PROVIDED DATA:
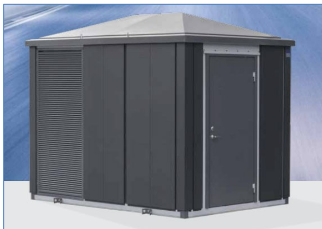
Figur 1 Fasade teknikkhus

Statnett søkte 11. september 2019 om tillatelse til å etablere fire teknikkhus i tilknytning til eksisterende muffeanlegg ved overgangene mellom luftledning og sjøkabel på ny 300 (420) kV kraftledning Kollsnes–Lindås. Byggene vil alle ligge på Statnetts eiendommer, med en grunnflate på ca. 7 m 2 og en høyde på 2,4 m, jf. vedlagte plantegninger. De vil plasseres rett ved eksisterende muffestasjoner, som består av tre stk. 4 m 2 fundamenter og 10 meter høye muffen. Anleggsarbeidet vil ta få dager per bygg. Til Kuvågen og Saltvika vil utstyret transporteres med lastebil på eksisterende vei, mens det vil benyttes helikoptertransport til Ljøsøysundet og Mjåsundet. Planen er å gjennomføre prosjektet vinteren 2019/20. Statnett beskriver virkningene av tiltakene for omgivelsene som små.
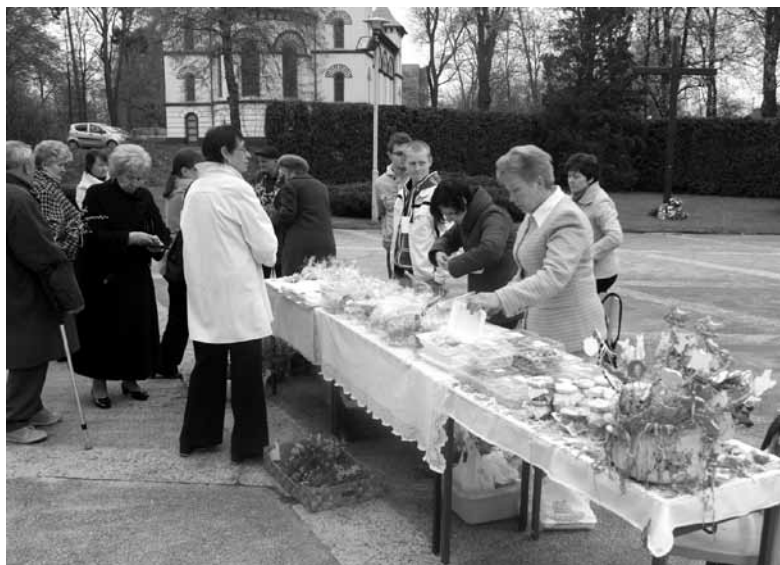
Przed kościołem odbył się kiermasz świąteczny.
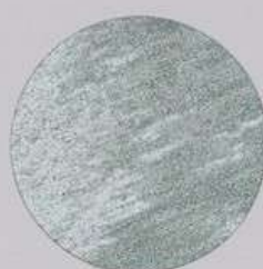
ACS 40 (10 мл)
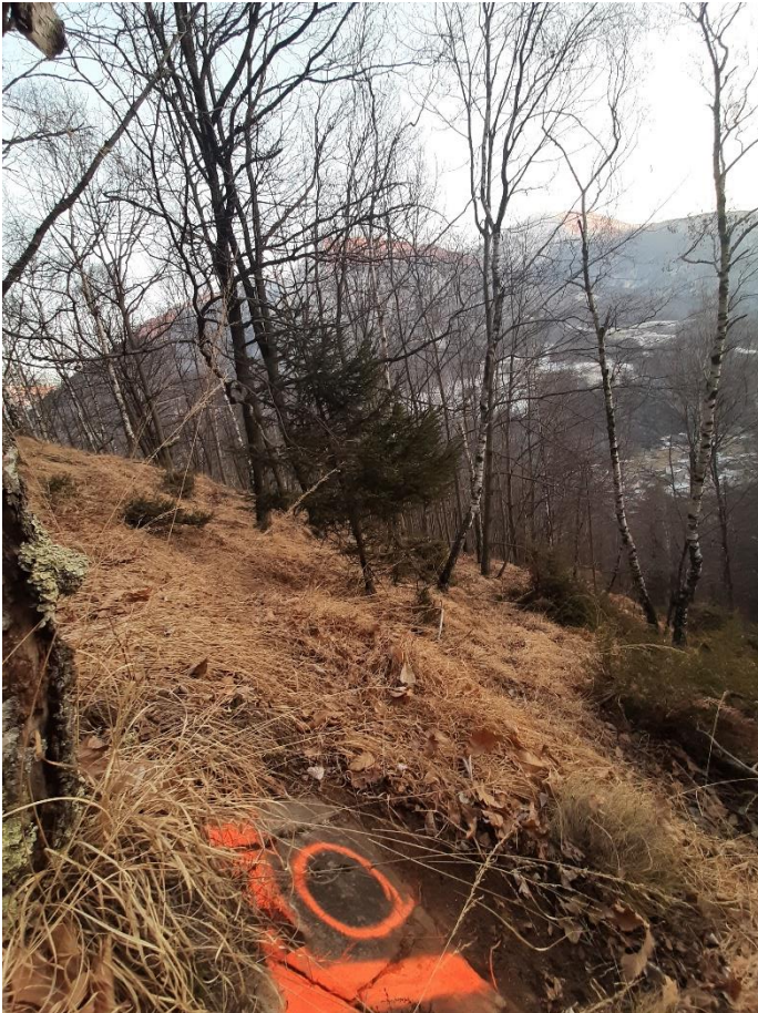
Figura 3: scatto dal punto 3 (vedi formulario NaiS 1)
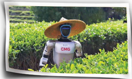
منبع: سنسنگام، مرکز مطالعات راهبردی و بین‌المللی، وال‌استریت ژورنال

چین در جریان بازی‌های جهانی روبات‌ها در سال ۲۰۲۶، روبات‌های انسان‌نما را در مزارع جای آزمایش می‌کند. این روبات‌ها وظایفی واقعی از چیدن برگ‌ها گرفته تا حمل بار را بر عهده دارند. روبات‌های انسان‌نما از آزمایشگاه‌ها به بیست‌های دوومیدانی و حالا هم به مزارع جای منتقل شده‌اند تا با چالش‌هایی روبه‌رو شوند که به ندرت در محیط‌های آزمایش روباتیک معمول دیده می‌شوند؛ دشواری‌هایی مثل دامنه‌های شیب‌دار و زمین‌های ناهموار، تعادل و تشخیص شکل برگ‌ها که سیستم‌های تشخیص بصری را به چالش می‌کشد.
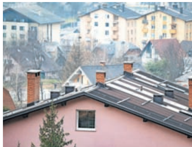
Bi bila rešitev, da bi distribucijo toplote v sistemu daljinskega ogrevanja spet prevzelo javno komunalno podjetje Jeko?

Skubic je na seji pojasnil podrobnosti, kako je bila oskrba z daljinskim ogrevanjem urejena pred sklenitvijo koncesije. Sprva je za oskrbo skrbel občina sama oz. z njo javno komunalno podjetje Jeko-IN. V letu 2013 so nato sprejeli odlok o koncesiji, ki je bil podlaga za kasnejšo sklenitev koncesije z družbo Enos, d. d., leta 2014. Skubic je nato izčrpno razložil, da je na podlagi prejete dokumentacije in podanih pojasnil Ob-

PROBLEM TO WORK ON: Whenever a line of the entries contains "Jeko", it counts toward the total; state that total alone.

EXERCISE RESULT: 2